Brazil tourism up ahead of 2014 World Cup

JOHANNESBURG, June 15 (Reuters) - Brazil hopes its tourism industry will contribute up to 4.5 percent of its gross domestic product by 2014, the year it hosts the FIFA World Cup, a government minister said on Tuesday.

Tourism Minister Luiz Barretto Filho said the South American country expected considerably more than the around 370,000 visitors in South Africa for the current World Cup.

"We hope to get 4 to 4.5 percent of the GDP (by 2014)," Filho told Reuters in an interview.

Filho was part of a delegation visiting South Africa to promote Brazil ahead of the next World Cup.

The 2014 World Cup was marked for South America under FIFA's rotation system and five times World Cup winner Brazil, which hosted the 1950 tournament, was awarded the event unopposed in 2007.

Latin America's biggest economy expanded 9.0 percent in the first quarter - its fastest pace in at least 14 years - and Filho said the government was planning to create 2.5 million formal jobs in total during 2010, many in the tourism sector.

"At the moment, we have 6 million Brazilians working in the tourism sector.

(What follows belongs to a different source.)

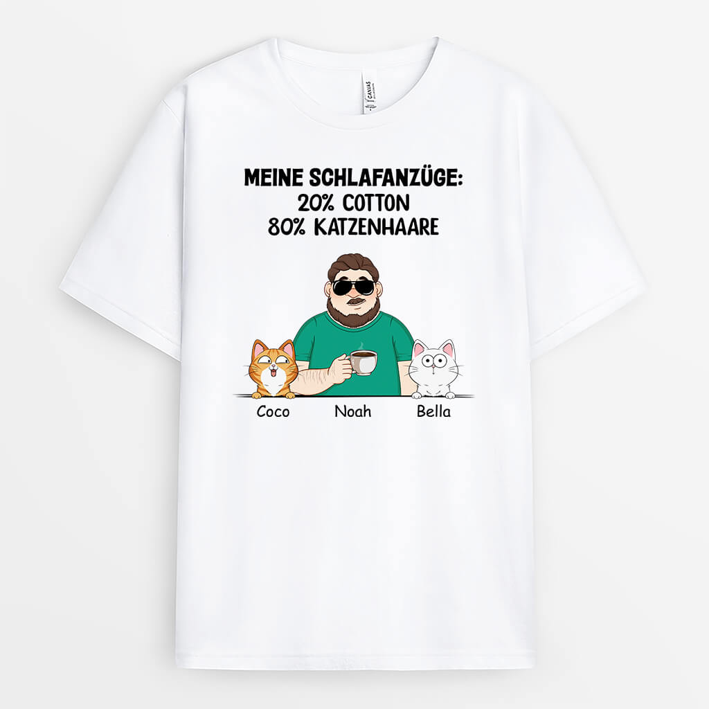 Mein Pyjama 20% Baumwolle 80% Katzenhaare - Personalisiertes Geschenk | Weißes T-Shirt für Katzenliebhaber

We're expecting a 10 percent increase, per year, until 2014," he said.

PREPARATIONS SLOW

However, FIFA has criticised Brazil's preparations for the tournament and last month its general secretary, Jerome Valcke, said he had received a report that warned work was behind schedule at a number of venues.

Brazil Sports Minister Orlando Silva, who was also visiting South Africa, said he was concerned about the pace of his country's preparations.

"I'm always worried, I'm always concerned. There are 12 cities and we need to work faster. But I am confident 2010 will be a turning point. And we'll certainly work faster, quicker in the preparation for the World Cup," he told reporters after touring the exhibition.

Like South Africa, Brazil needs to invest heavily in infrastructure, particularly transport. Silva said the government had an investment programme of around $15 billion to improve infrastructure and restore stadiums.

Like South Africa, Brazil is battling a reputation for high levels of violent crime.

However, Filho said Brazil had extensive plans to tackle crime, from bringing in extra police units to instituting more social programmes.

"The Brazilian situation is quite different to the South African (one). We also have problems in the crime area, but not to the same extent as South Africa," Filho said.

"It is quite easy to organise security for a 30-day period."